Curiosity-driven methods are widely used to encourage the agent to explore the environment and learn to tackle tasks in it. The researchers in the paper ‘Curiosity-driven exploration by self-supervised prediction’ proposed an Intrinsic Curiosity Module (ICM) to support the agent in exploration and prompt it to choose actions based on reduced errors. Another approach is curriculum learning, where the agent is presented with various tasks in ascending order of complexity. This imitates the learning order of humans. 

Offline reinforcement

While in real RL, the agent incrementally improves its policy with new experiences, offline RL works on a fixed set of logged experiences with minimal interaction with the environment. This method eliminates the need for repeated training of AI agents to scale.
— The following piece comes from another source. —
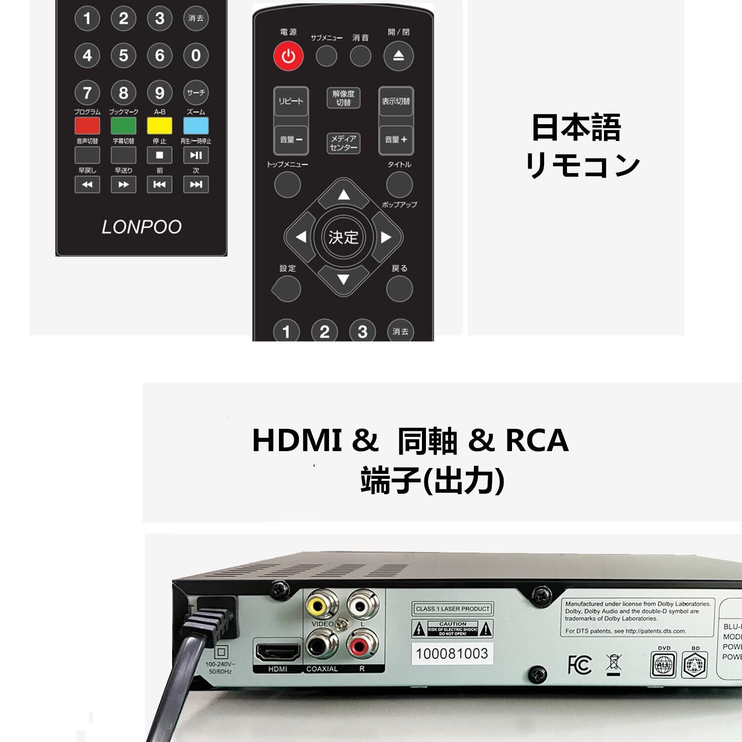 LONPOO DVD ブルーレイプレーヤー フルHD1080p DVDプレーヤー CPRM再生可能 HDMI/同軸/AV出力 高速起動 PAL/NTSC対応 USB/外付けHDD対応 Blu-rayリージョンA/1 AV/HDMIケーブル付き
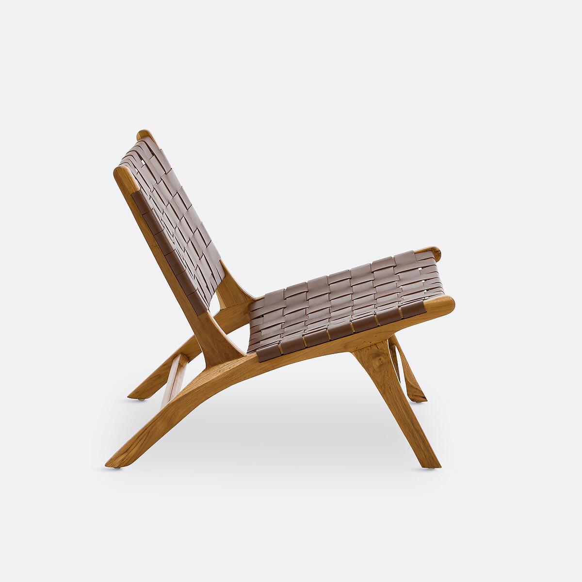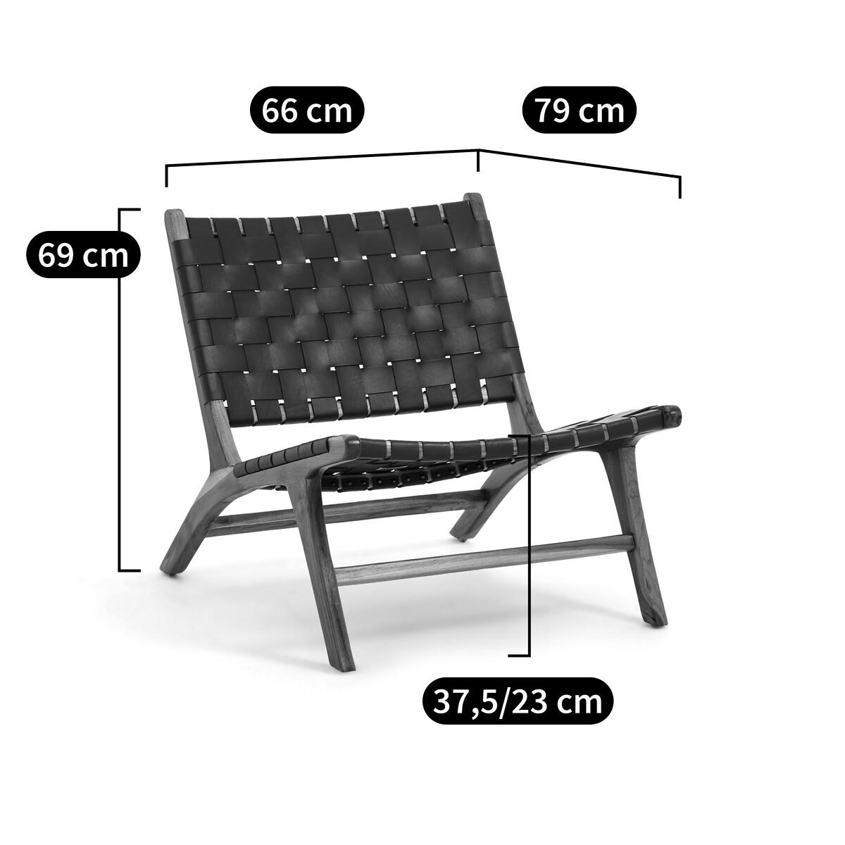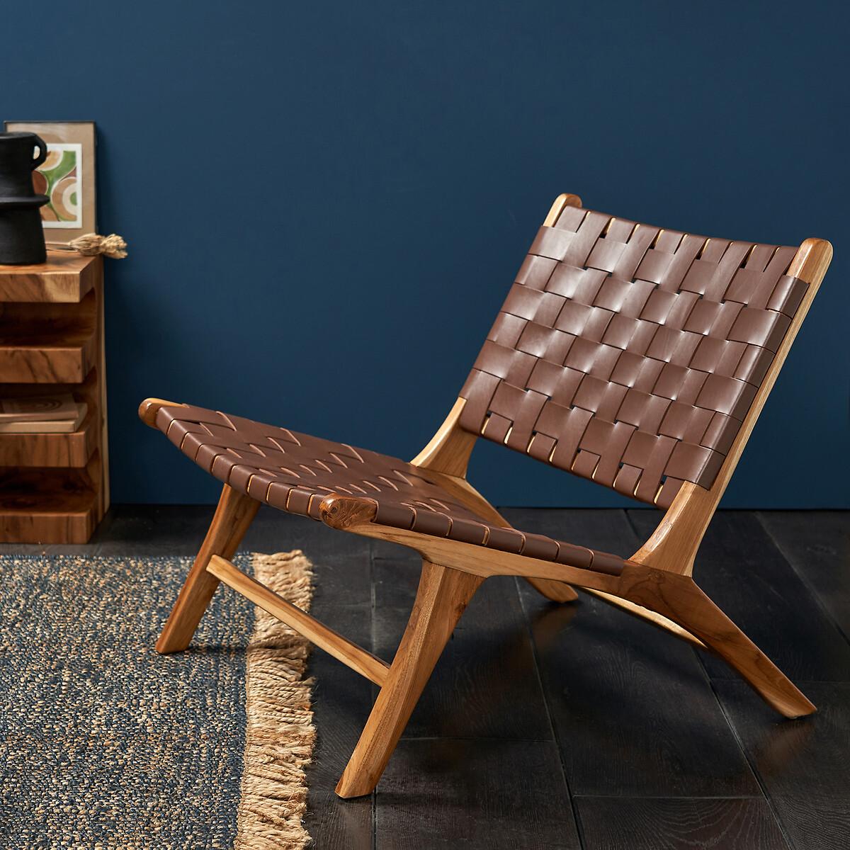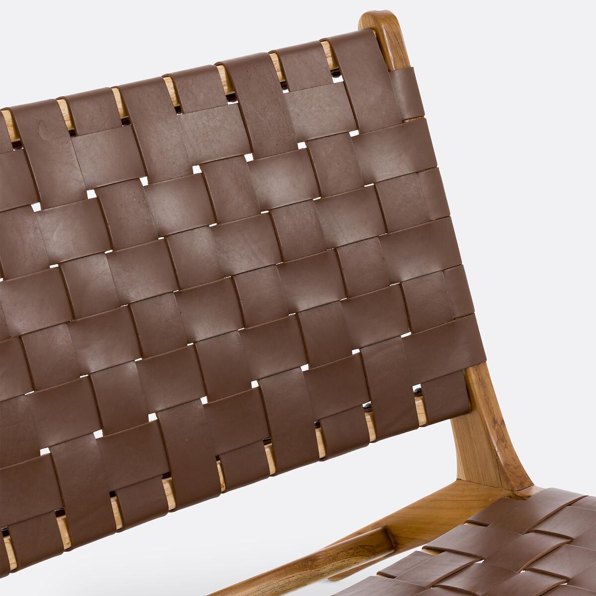 A wide, low seat with an inclined back. How does one resist the call of the Amanda lounge chair, in solid teak and woven leather? To chill, read a book or sip a drink with friends. it's perfect!

Still, it proposes the challenge where if the model, which is being trained with an existing dataset, takes action different from the data collection agent, one cannot determine the reward provided to the learning model.

Another issue, as suggested by Google AI, is the distributional shift. This occurs when the RL algorithms must learn to make decisions that differ from the decisions taken in the dataset to improve over the historical data. 

The team developed a solution for this, an offline RL algorithm ‘conservative Q-learning (CQL)’, that guards “against overestimation while avoiding explicit construction of a separate behaviour model and without using importance weights.” Researchers have also found that online RL agents work well in the offline setting with sufficiently diverse datasets.